Dengan realitas itu, kebijakan yang dibuat harus mencerminkan realitas yang ada.
“Kita punya market besar, kita ada UMKM, dan kita juga punya pasar yang tak seimbang berhadapan dengan dinamika bisnis global,” tuturnya.
Karena itu, lanjut Erick, dalam menata BUMN dia mengacu pada pelajaran dari negara-negara Skandinavia yang menyeimbangkan pasar dan negara.
"Negara dituntut hadir, misalnya pada saat Covid-19. Negara harus beri bantuan saat rakyat susah, ada intervensi pasar,” bebernya.
Dia mengatakan saat krisis vaksin saat pandemi Covid-19 kemarin hanya dua negara yang merespon permintaan bantuan dari Indonesia, yaitu Inggris dan China.
“Semua negara memikirkan kebutuhan domestiknya, itulah pentingnya kita membangun ketahanan ekonomi dan kesehatan secara mandiri," ucapnya.

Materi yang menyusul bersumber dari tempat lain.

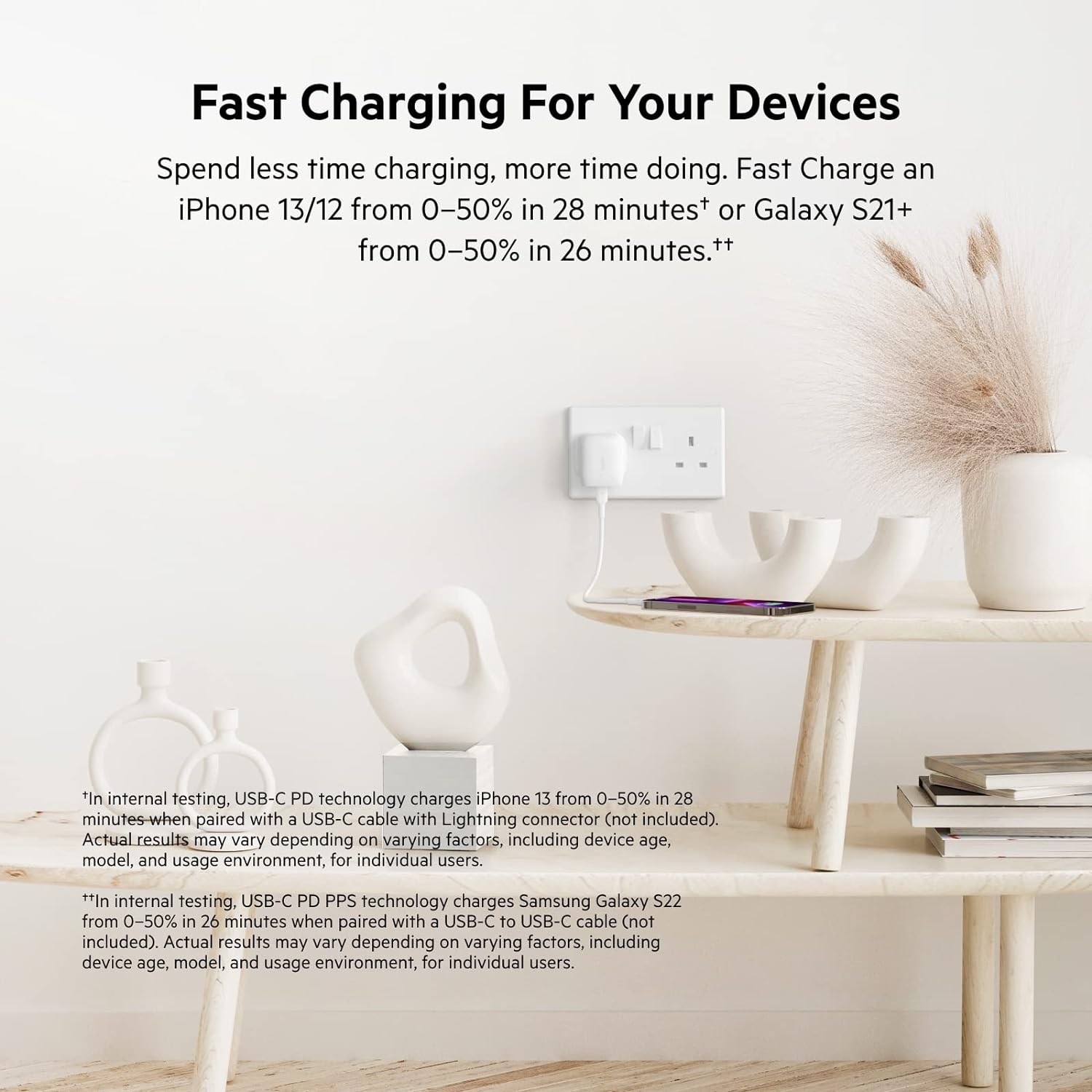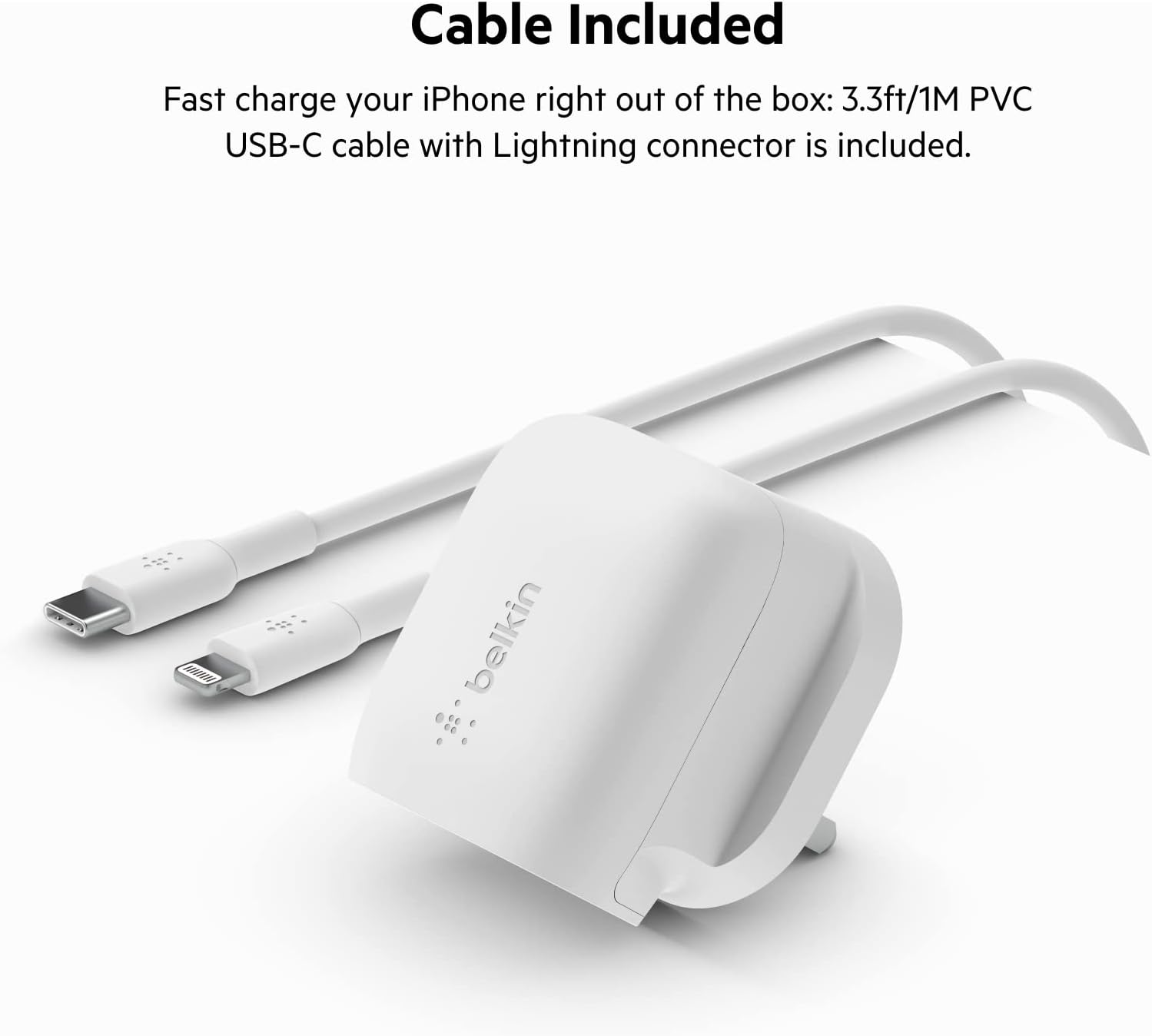 - Belkin BoostCharge USB-C Wall Charger 20W USB-C Cable with Lightning Connector - شاحن جداري يو اس بي سي بوست شارجر بقوة 20 واط مع كابل يو اس بي سي إلى موصل لايتننج من بيلكن

Dia juga memastikan bahwa pemerintah berkolaborasi dengan swasta agar ada pembagian peran dalam mendorong pertumbuhan ekonomi nasional.
“BUMN misalnya tak perlu masuk ke pabrik mie instan. Tapi BUMN bisa memperkuat industri gula. Selama ini kita impor gula, padahal lahan kita luas. Tebu juga bisa diolah produk turunannya jadi ethanol misalnya,” pungkasnya.